■ INFORMATION SHOWN ■
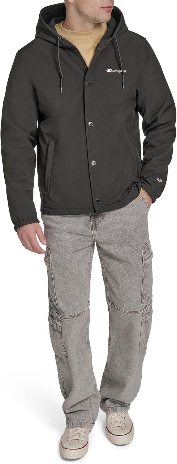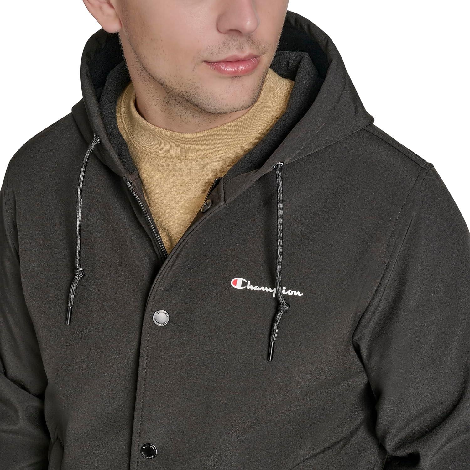 Champion mens Hooded Coaches Rain Jacket(Black Soft Shell)
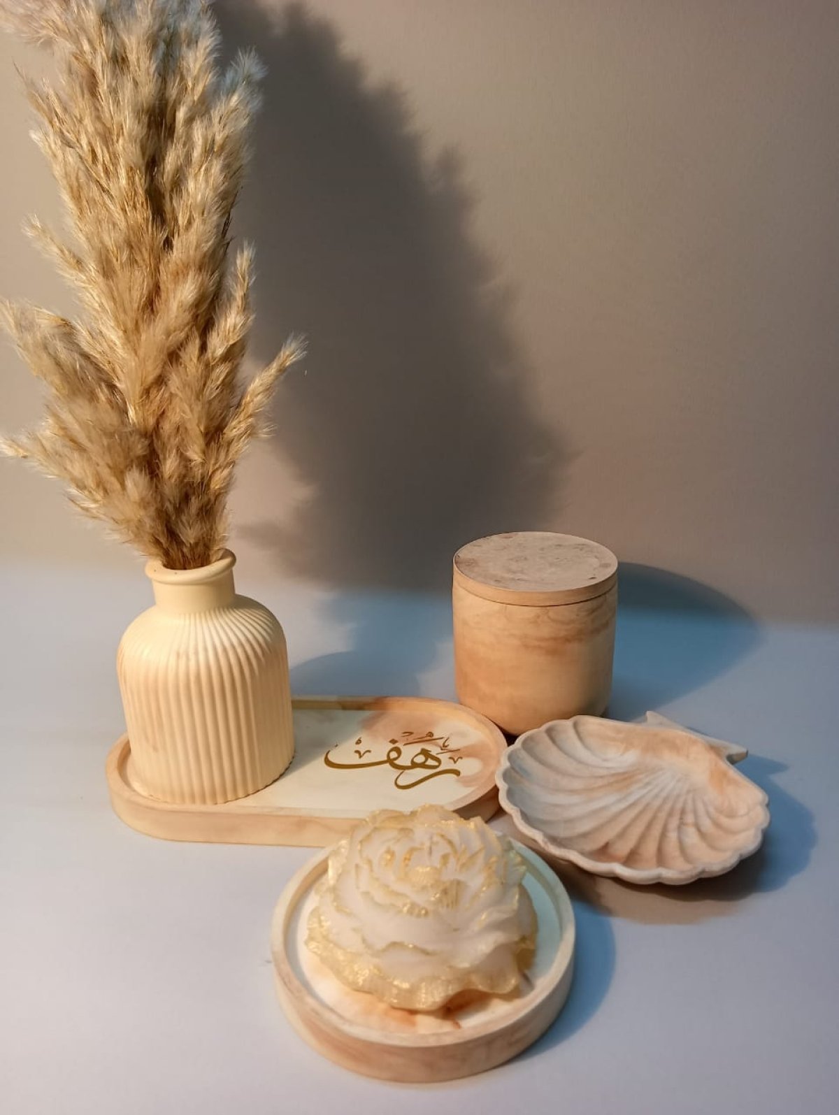 A beige and brown concrete set consisting of an oval coaster, a ribbed vase, a seashell coaster, and a makeup brush cup. Insulated with waterproof material. The set is available without candles. Available to write name upon customer request
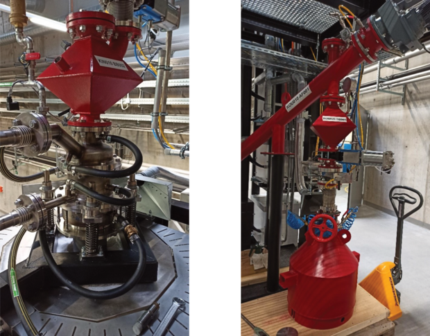 TAF verfügt über das notwendige Know-how, um solche Schleusensysteme mit Drücken bis zu 40 bar auszulegen, zu bauen und in Betrieb zu nehmen. Schüttgüter können über einen dosierenden Schneckenförderer dem Prozess zugeführt werden.
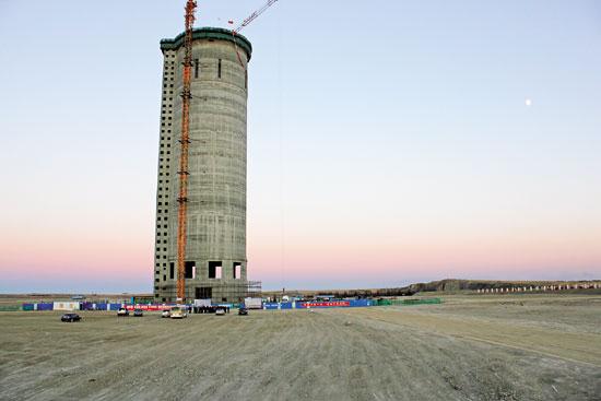 由于尿素造粒塔造粒工藝需求,其塔頂高度普遍 較高,部分塔頂除塵裝置排放口距地面超過100m,且由于塔形結(jié)構(gòu),其頂部平臺空間小,檢修不便、風 力載荷大。造粒工藝冷卻風量較大,其每1萬t的年產(chǎn)能,對應冷卻煙氣風量為1.5萬~ 2.0萬m3/h。一 座40萬t/a規(guī)模的尿素造粒塔高溫天氣下冷卻風量達 到80萬m3/h,較端高溫高濕情況下其冷卻風量還可能更高。

■ WORK INSTRUCTIONS ■
Give the listing above again in its entirety and exactly; do not include the pictures.

■ ANSWER TO THIS EXERCISE ■
 Champion mens Hooded Coaches Rain Jacket(Black Soft Shell)
 A beige and brown concrete set consisting of an oval coaster, a ribbed vase, a seashell coaster, and a makeup brush cup. Insulated with waterproof material. The set is available without candles. Available to write name upon customer request
 TAF verfügt über das notwendige Know-how, um solche Schleusensysteme mit Drücken bis zu 40 bar auszulegen, zu bauen und in Betrieb zu nehmen. Schüttgüter können über einen dosierenden Schneckenförderer dem Prozess zugeführt werden.
 由于尿素造粒塔造粒工藝需求,其塔頂高度普遍 較高,部分塔頂除塵裝置排放口距地面超過100m,且由于塔形結(jié)構(gòu),其頂部平臺空間小,檢修不便、風 力載荷大。造粒工藝冷卻風量較大,其每1萬t的年產(chǎn)能,對應冷卻煙氣風量為1.5萬~ 2.0萬m3/h。一 座40萬t/a規(guī)模的尿素造粒塔高溫天氣下冷卻風量達 到80萬m3/h,較端高溫高濕情況下其冷卻風量還可能更高。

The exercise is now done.